What should you transcribe? Every line from the top of the records below through the line with "圖為香港中聯(lián)辦宣", exactly, and no pictures.

(Source data)
+--

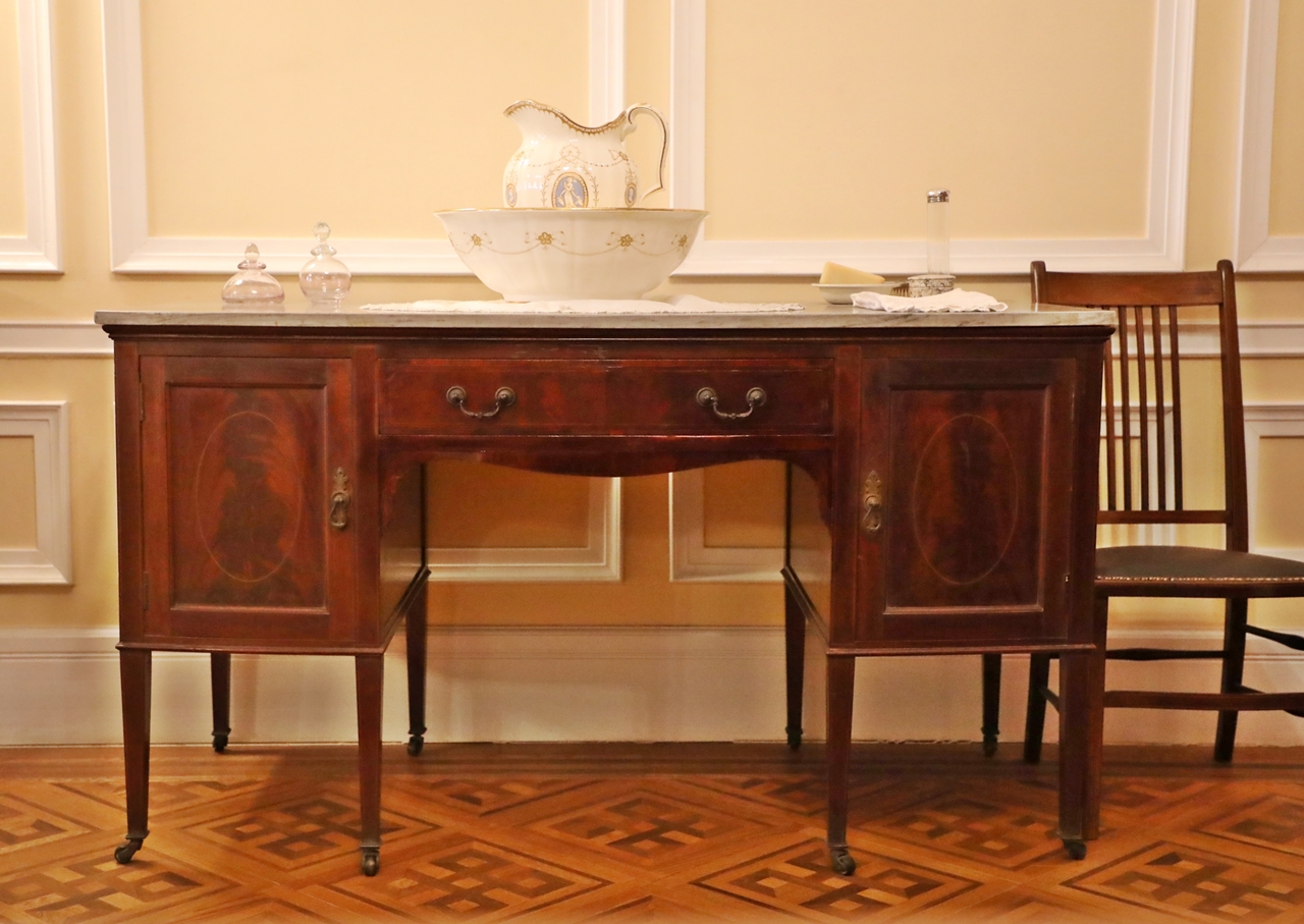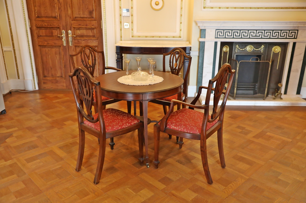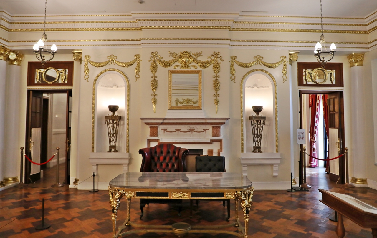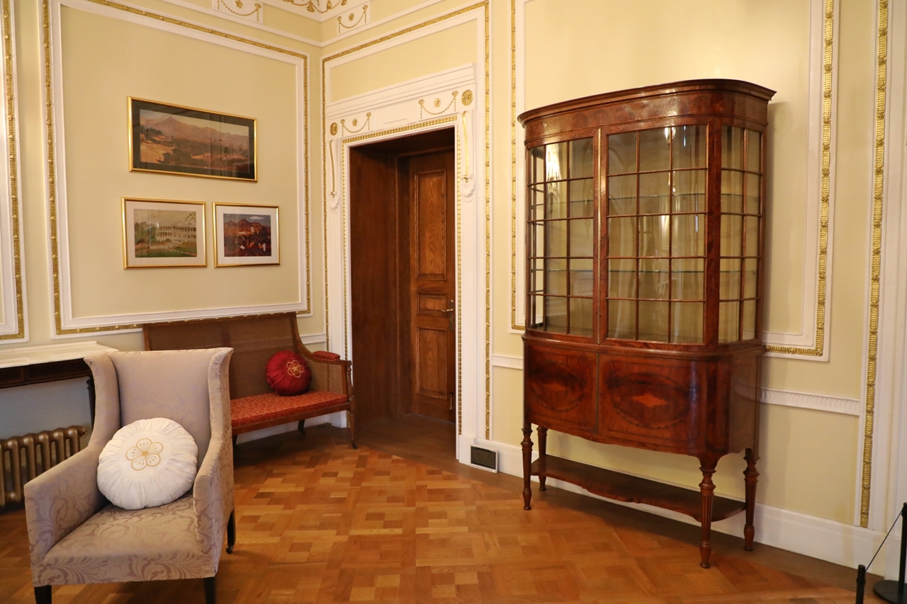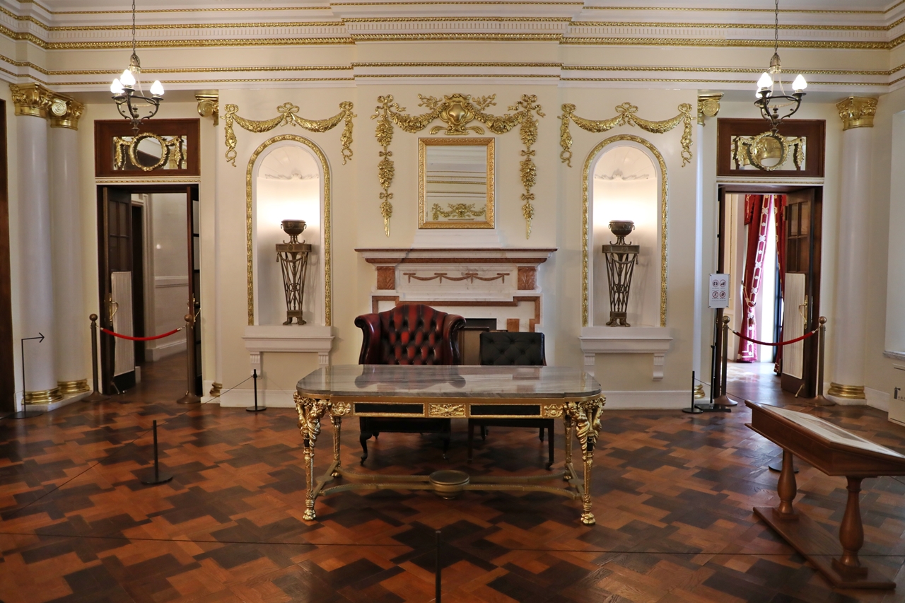 This private drawing room was used by the empress for various activities such as reading and reception of guests and furniture are more luxurious than those in other rooms. The furniture are inscribed with 'EMPRESS'S BOUDOIR.'
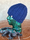 Worked in two different and complementary cable patterns, this hat stretches to fit a multitude of sizes in both children and adult sizing.
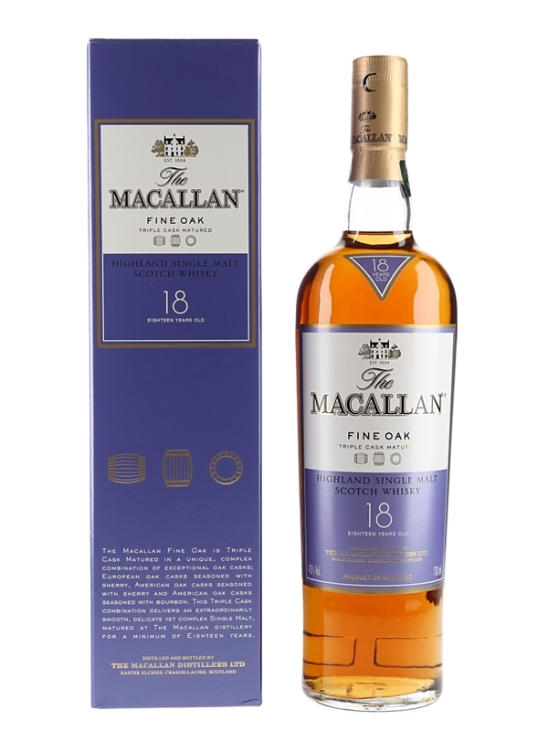 A bottle of The Macallan 18 Year Old Fine Oak Triple Cask Matured Highland Single Malt Scotch Whisky, matured in a combination of bourbon and sherry oak casks and bottled at 43% ABV.
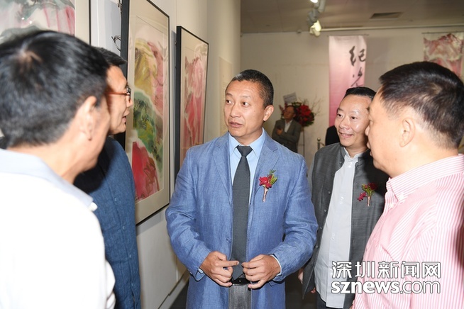 圖為香港中聯(lián)辦宣傳文體部副部長(zhǎng)朱挺(右三)出席紀(jì)光吉畫展?!?/p>
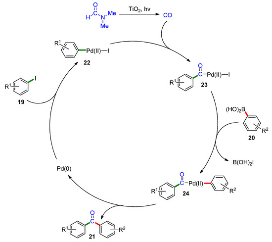 A simplified reaction mechanism proposed by the authors for this carbonylative transformation is depicted in Scheme 9. Under UV irradiation, TiO2 allowed for the photocatalytic decomposition of DMF to CO, which was then involved in a carbonylative Suzuki–Miyaura coupling promoted by the palladium species: the starting Pd(0) species gave oxidative addition on the aryl iodide 19, affording the arylpalladium(II) intermediate 22; then, the photocatalytically in-situ-generated CO was coordinated by the Pd(II) of intermediate 22, generating the corresponding aroylpalladium(II) complex 23; the subsequent Et3N-promoted transmetalation of arylboronic acid 20 gave a new Pd(II) intermediate 24, which generated the final diaryl ketone product 21 and the starting Pd(0) species after the reductive elimination step. It is worth emphasizing that the modest yields of the carbonylated products 21 were due to the modest amounts of CO generated via the photocatalytic decomposition of DMF, as well as to the concomitant path of the standard Suzuki–Miyaura coupling, affording the corresponding not carbonylated biaryl products.

+--

WRITTEN ANSWER
 This private drawing room was used by the empress for various activities such as reading and reception of guests and furniture are more luxurious than those in other rooms. The furniture are inscribed with 'EMPRESS'S BOUDOIR.'
 Worked in two different and complementary cable patterns, this hat stretches to fit a multitude of sizes in both children and adult sizing.
 A bottle of The Macallan 18 Year Old Fine Oak Triple Cask Matured Highland Single Malt Scotch Whisky, matured in a combination of bourbon and sherry oak casks and bottled at 43% ABV.
 圖為香港中聯(lián)辦宣傳文體部副部長(zhǎng)朱挺(右三)出席紀(jì)光吉畫展?!?/p>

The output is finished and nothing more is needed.